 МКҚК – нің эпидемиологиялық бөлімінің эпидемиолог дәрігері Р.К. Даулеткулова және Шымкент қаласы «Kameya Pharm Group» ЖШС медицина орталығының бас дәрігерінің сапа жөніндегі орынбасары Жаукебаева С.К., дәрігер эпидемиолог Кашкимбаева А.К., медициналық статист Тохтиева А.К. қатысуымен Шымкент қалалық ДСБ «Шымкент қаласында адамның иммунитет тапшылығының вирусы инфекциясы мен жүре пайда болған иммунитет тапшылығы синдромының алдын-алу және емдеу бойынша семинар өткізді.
======
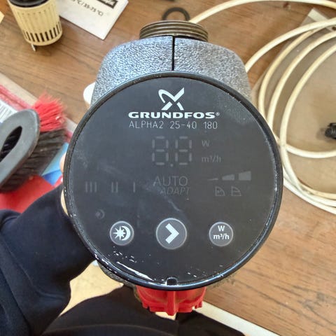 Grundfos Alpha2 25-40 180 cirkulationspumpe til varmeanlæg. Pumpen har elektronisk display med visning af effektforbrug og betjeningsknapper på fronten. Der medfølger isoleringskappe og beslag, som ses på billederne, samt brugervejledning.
======
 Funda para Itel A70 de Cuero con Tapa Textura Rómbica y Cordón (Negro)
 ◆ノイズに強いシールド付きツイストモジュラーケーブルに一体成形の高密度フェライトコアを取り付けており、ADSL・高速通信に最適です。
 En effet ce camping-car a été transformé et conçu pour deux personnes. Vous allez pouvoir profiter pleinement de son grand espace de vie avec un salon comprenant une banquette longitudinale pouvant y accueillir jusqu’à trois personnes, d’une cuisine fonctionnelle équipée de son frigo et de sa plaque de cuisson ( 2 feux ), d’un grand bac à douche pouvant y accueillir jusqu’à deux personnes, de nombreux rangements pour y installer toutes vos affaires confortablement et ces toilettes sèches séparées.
======
* Task prompt *
There is a line with "Funda para Itel" and a line with "En effet ce" above. Copy exactly those two lines and all lines between them, with nothing else.

* Written reply *
 Funda para Itel A70 de Cuero con Tapa Textura Rómbica y Cordón (Negro)
 ◆ノイズに強いシールド付きツイストモジュラーケーブルに一体成形の高密度フェライトコアを取り付けており、ADSL・高速通信に最適です。
 En effet ce camping-car a été transformé et conçu pour deux personnes. Vous allez pouvoir profiter pleinement de son grand espace de vie avec un salon comprenant une banquette longitudinale pouvant y accueillir jusqu’à trois personnes, d’une cuisine fonctionnelle équipée de son frigo et de sa plaque de cuisson ( 2 feux ), d’un grand bac à douche pouvant y accueillir jusqu’à deux personnes, de nombreux rangements pour y installer toutes vos affaires confortablement et ces toilettes sèches séparées.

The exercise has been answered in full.